Ms Kearsley also revealed this week that she intends to apply to the Attorney General for a fresh inquest after ‘new evidence’ about Victoria’s death came to light.
But Joan’s legal team don’t see why this should stop Mrs Agoglia from getting the 2007 bundle.
“There’s something there that warrants getting into the fresh air,” says Maggie Oliver, who has supported Joan Agoglia’s legal fight.
“Joan wants to ask the questions. If she isn’t the one who’s granted access [to the bundle] she won’t be able to ask the questions.
“That’s what this smacks of, they want a new inquest but they want to control it.
“They want to control the questions that get asked.”
Paul Marshall, Director of Children’s Services, said: “We have proactively engaged with the coroner and provided extra information to enable her to make a decision to apply for the inquest of Victoria Byrne to be reopened.
“We would reiterate that the question at this week’s hearing was whether a huge amount of very personal information, not just about Victoria but her family, friends and associates some of which may form part of an ongoing police investigation.
“Quite simply, we have a duty to only share confidential information about individuals where it is legal and appropriate to do so.
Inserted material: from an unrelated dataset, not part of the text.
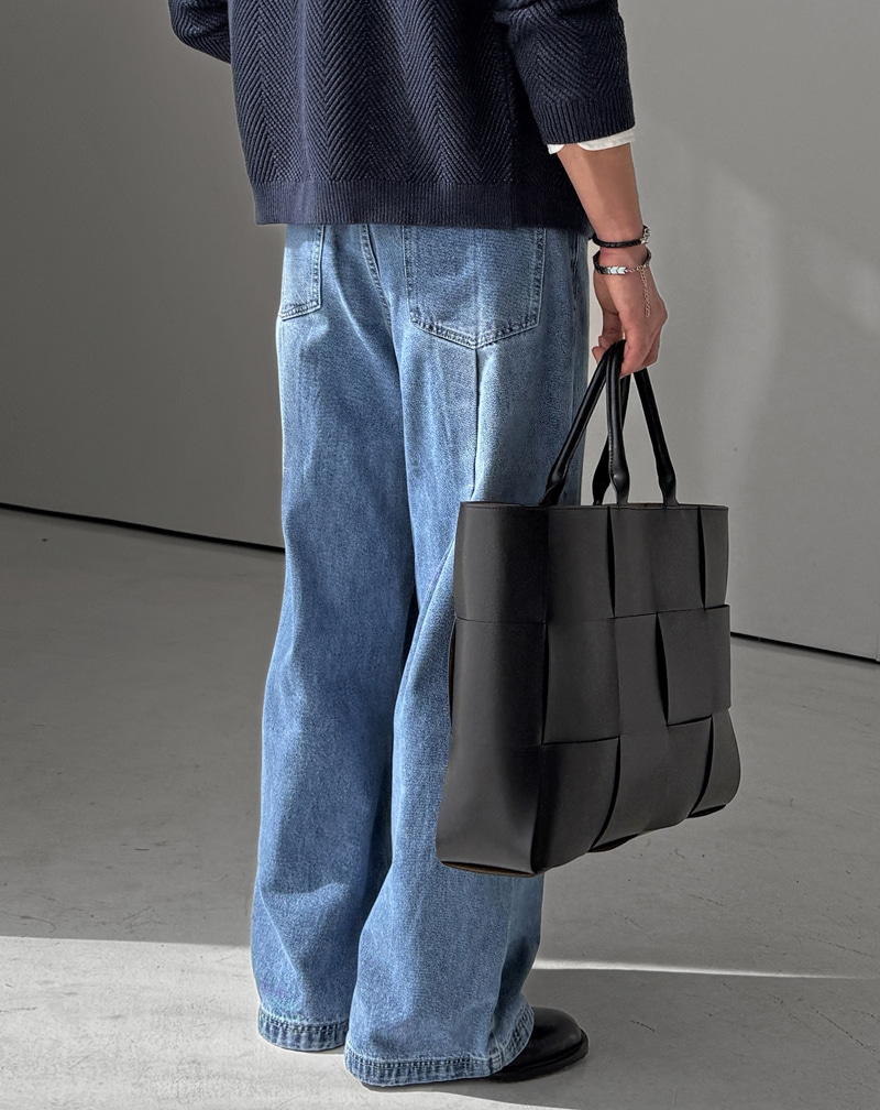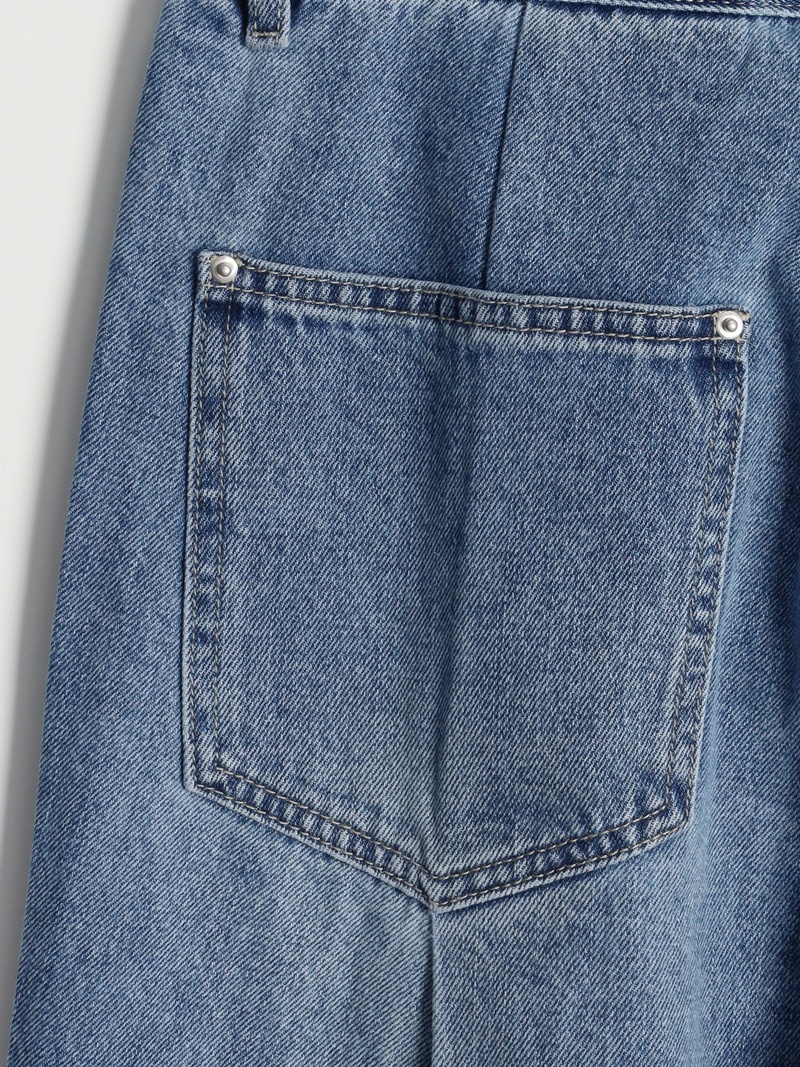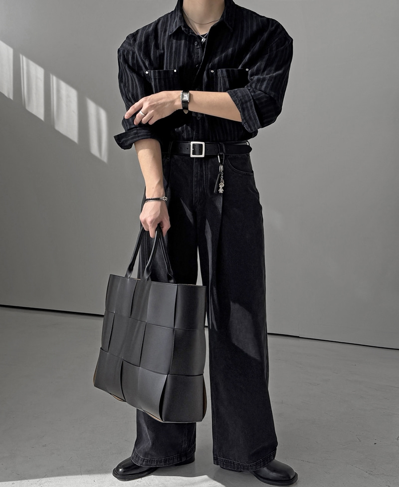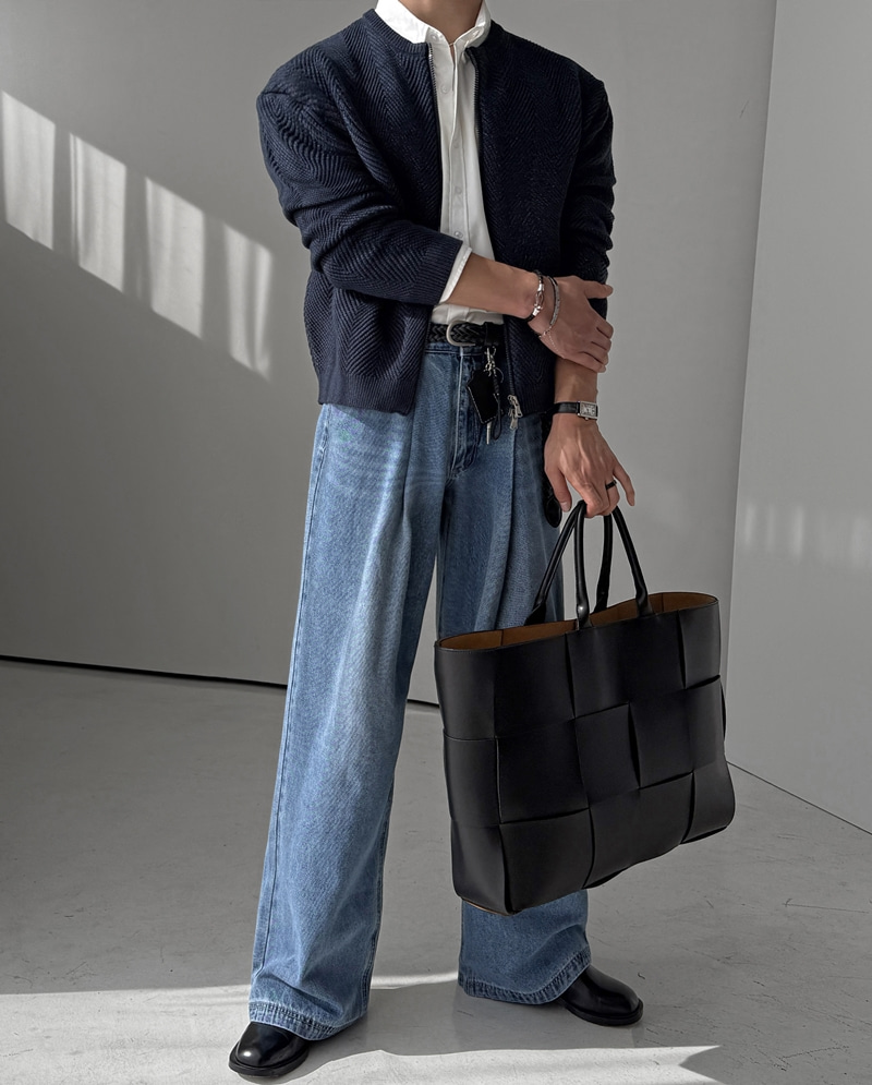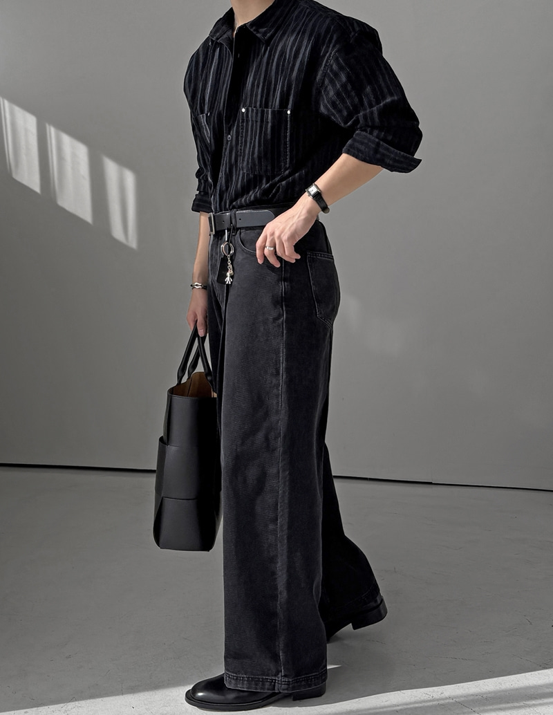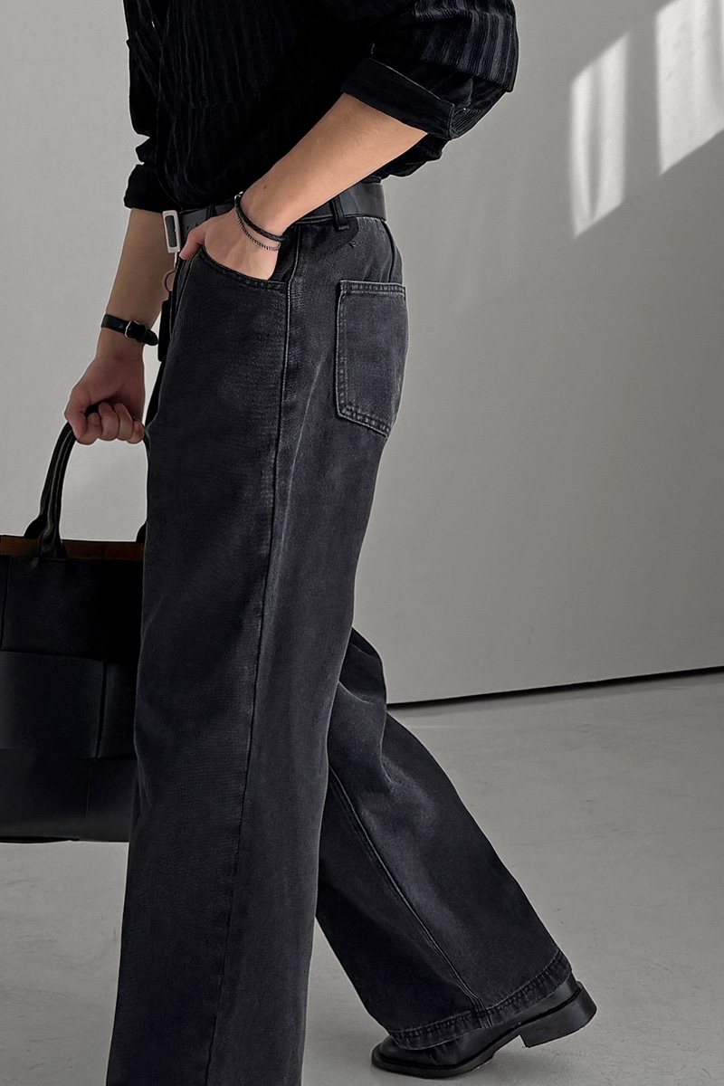 日常堅挺水洗刷色褶襉牛仔寬褲 2色 1229

We await the coroner’s decision on this matter.”
Councillor Garry Bridges, Executive Member for Children and Schools, said: “The circumstances of Victoria’s life and her death make for very painful reading and it is important that the events which contributed to her death are explored fully. It is absolutely right that there should be a further inquest if the coroner believes there are aspects which were left unanswered, or dealt with unsatisfactorily by the previous inquest.”
The Mayor’s office declined to comment at this stage.